Ellison’s team is thought to be one of the first to pursue the use of polydopamine as a flame retardant.

Polydopamine was selected due to its ability to adhere to surfaces, the team said. Polydopamine also contains a dihydroxy-ring structure linked with an amine group that can be used to scavenge or remove free radicals. Free radicals are produced during the fire cycle as a polymer degrades, and their removal is critical to stopping the fire from continuing to spread. Polydopamine also produces a protective coating called char, which blocks fire’s access to its fuel source—the polymer.

“The synergistic combination of both these processes makes polydopamine an attractive and powerful flame retardant,” according to the team.

The researchers report that they were surprised that they did not have to alter the structure of the polydopamine from its natural form to use it as a flame retardant.

flaming chair
Consumer Product Safety Commission

Flame-retardant chemicals impede the ignition of flammable materialsa and slow fire spread. However, critics say the chemicals do not work as promised and create a toxic environment.

The polydopamine was coated onto the interior and exterior surfaces of the polyurethane foam by simply dipping it into a water solution of dopamine for several days, the team reported.

20 Percent Better’

During testing, the team found that the polydopamine coating on polyurethane foams resulted in a 67 percent reduction in peak heat release rate, a measure of fire intensity and imminent danger to building occupants or firefighters.

“The polydopamine flame retardant’s ability to reduce the fire’s intensity is about 20 percent better than existing flame retardants commonly used today,” the team reported.

The team also said they used “far less polydopamine by weight than typical of conventional flame retardant additives.”

What’s Next?

Ellison and his team are now testing to see whether they can streamline the nanocoating treatment process or develop a more convenient application process.

“We weren’t expecting to find a flame retardant in nature, but it was a serendipitous discovery,” Ellison said.

Ellison’s research received funding from a 3M Nontenured Faculty Award, DuPont Young Professor Award and the Norman Hackerman Advanced Research Program.

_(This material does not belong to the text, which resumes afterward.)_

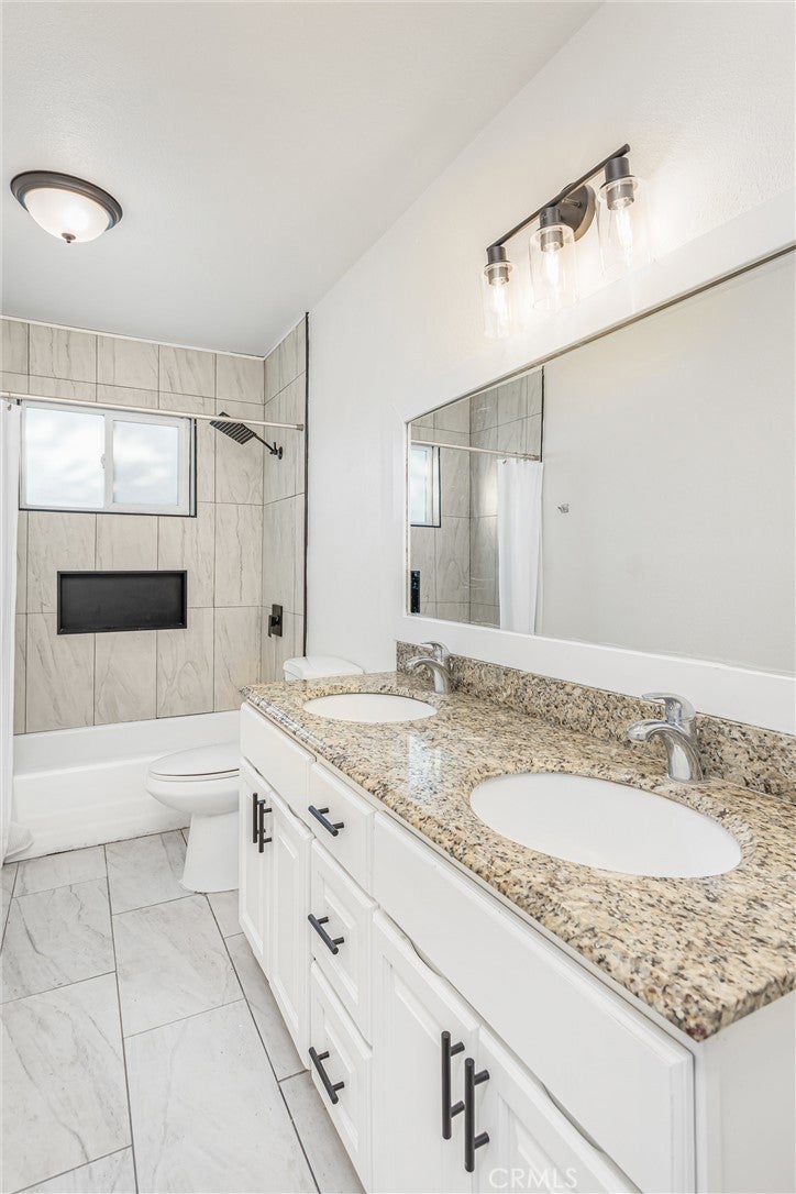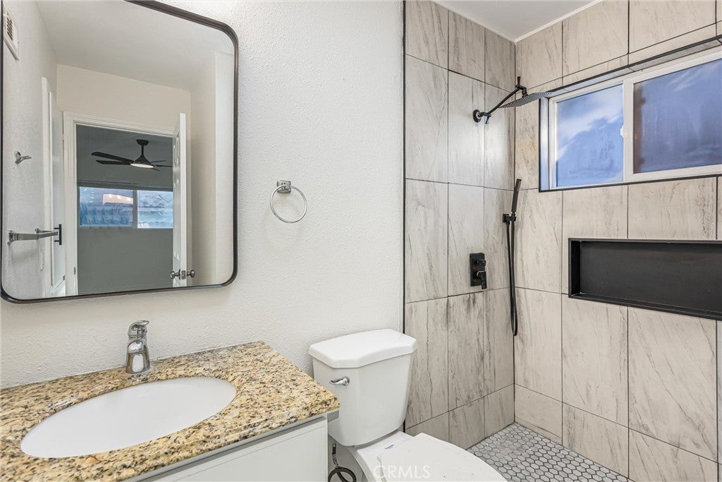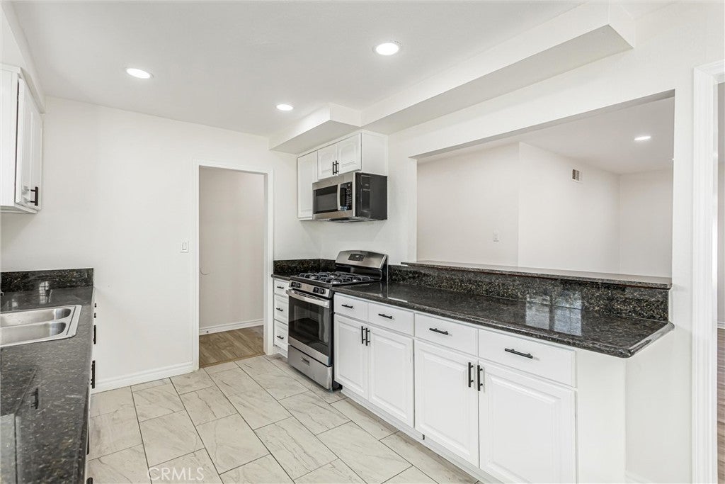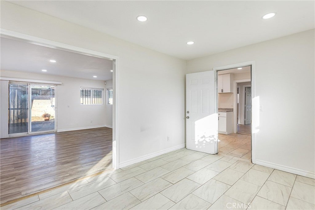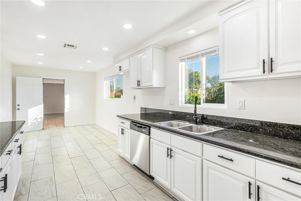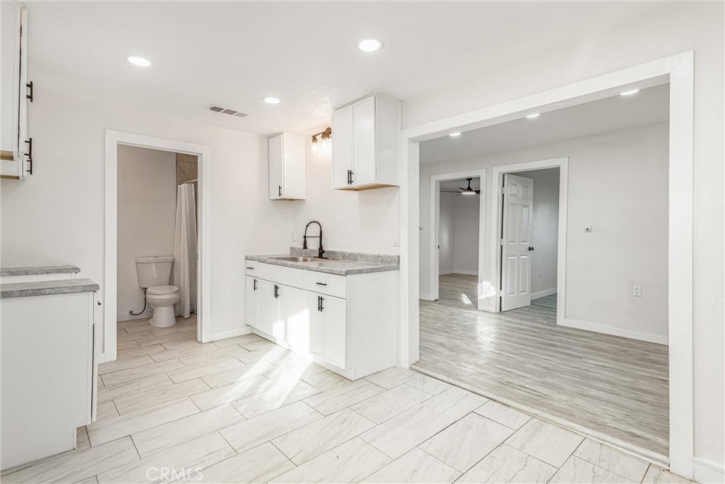 Freshly updated and move-in ready, this versatile 6-bedroom, 3-bathroom home offers exceptional flexibility with a highly sought-after attached and a 2-bedroom, 1-bath ADU—ideal for multigenerational living, extended family, guests, or potential rental income. The main residence features 4 bedrooms and 2 bathrooms, thoughtfully remodeled with neutral tile and laminate wood flooring throughout, creating a clean, modern feel. At the front of the home, the spacious kitchen impresses with dark granite countertops, a full suite of new stainless steel appliances including a gas range, microwave, dishwasher, and stainless sink, plus a generous dining area and breakfast bar counter. The kitchen opens seamlessly to the inviting family room, complete with a cozy gas fireplace and sliding glass doors leading to the backyard—perfect for everyday living and entertaining. Down the hall, you’ll find four nicely sized bedrooms. Three secondary bedrooms share a centrally located full bath featuring a double-sink granite vanity and an updated tiled shower/tub combination. The primary suite offers a peaceful retreat with a ceiling fan, dual closets, and a private en-suite bath featuring a granite vanity and a freshly tiled walk-in shower. The attached ADU is a standout feature, offering 2 bedrooms and 1 bathroom, its own private entrance, and optional access to the main home. The ADU features a dedicated kitchen area with sink and new cabinetry, offering space for a stove and microwave, along with a comfortable living area, a bathroom with a tiled shower/tub combination, and a centrally located laundry closet shared with the main home—creating a highly functional and flexible living space. Additional upgrades include fresh interior and exterior paint, new flooring throughout , recessed lighting, new ceiling fans, and tiled showers. Outside, enjoy a spacious, fenced backyard with a patio area and partial block wall surround. An additional fully fenced section of the yard features a brand-new painted wood fence and offers flexible use—ideal for storage, gardening, pets, or future possibilities. Centrally located with quick access to shopping, schools, and major freeways.

Tagged categories: Additives; Coating chemistry; Coatings Technology; Construction chemicals; Flame-retardant coatings; Health and safety; North America; Polyurethane; Research

Comment from john lienert, (10/13/2015, 7:48 AM)

corn in my gasoline.....mussels in my paint

Comment from Tom Schwerdt, (10/13/2015, 8:50 AM)

Hey, sounds like a good answer to all those invasive zebra mussels clogging water intakes, et cetera. Make it cost effective to harvest 'em.

Comment from Mark Anater, (10/13/2015, 11:20 AM)

This is a good discovery. Reducing halogenated FR in the environment without losing safety can't be anything but a win-win.